The U.S. has previously accused some hackers working for Chinese intelligence of using their skills to moonlight as cybercriminals for extra money. The announcement Monday marks the first time the U.S. has accused China of abetting ransomware attackers.
It is unclear how successful the ransomware attacks were or whether hackers working for the MSS directly conducted them or relied on cybercriminal affiliates. But a senior White House did say that demands had been made.
“In some cases, we’re aware where [People’s Republic of China] government-affiliated cyber operators have conducted ransomware operations against private companies that have included ransom demands of millions of dollars,” the official said.
|Photo: Head Topics|
Other countries voice their concern
The European Union and Britain were among the allies who called out China. The EU said malicious cyber activities with “significant effects” that targeted government institutions, political organizations, and key industries in the bloc’s 27 member states could be linked to Chinese hacking groups.

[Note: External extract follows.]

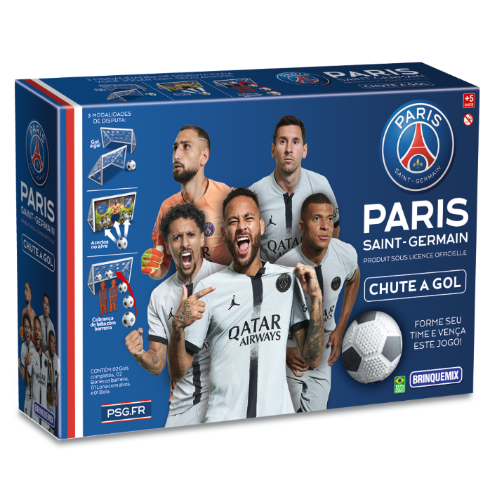 KIT 2 TRAVES + 1 BOLA + 1 ALVO + BARREIRAS PSG PARIS SAINT GERMAIN BRINQUEDO INFANTIL CHUTE A GOL MINI GOLZINHO JOGO DE FUTEBOL PARA CRIANÇA NEYMAR MESSI MBAPPE

The U.K.’s National Cyber Security Centre said the groups targeted maritime industries and naval defense contractors in the U.S. and Europe and the Finnish parliament, according to AP.
In a statement, EU foreign policy chief Josep Borrell said the hacking was “conducted from the territory of China for the purpose of intellectual property theft and espionage.”
The Microsoft Exchange cyberattack “by Chinese state-backed groups was a reckless but familiar pattern of behavior,” U.K. Foreign Secretary Dominic Raab said.
NATO, in its first public condemnation of China for hacking activities, called on Beijing to uphold its international commitments and obligations “and to act responsibly in the international system, including in cyberspace.” The alliance said it was determined to “actively deter, defend against and counter the full spectrum of cyber threats.”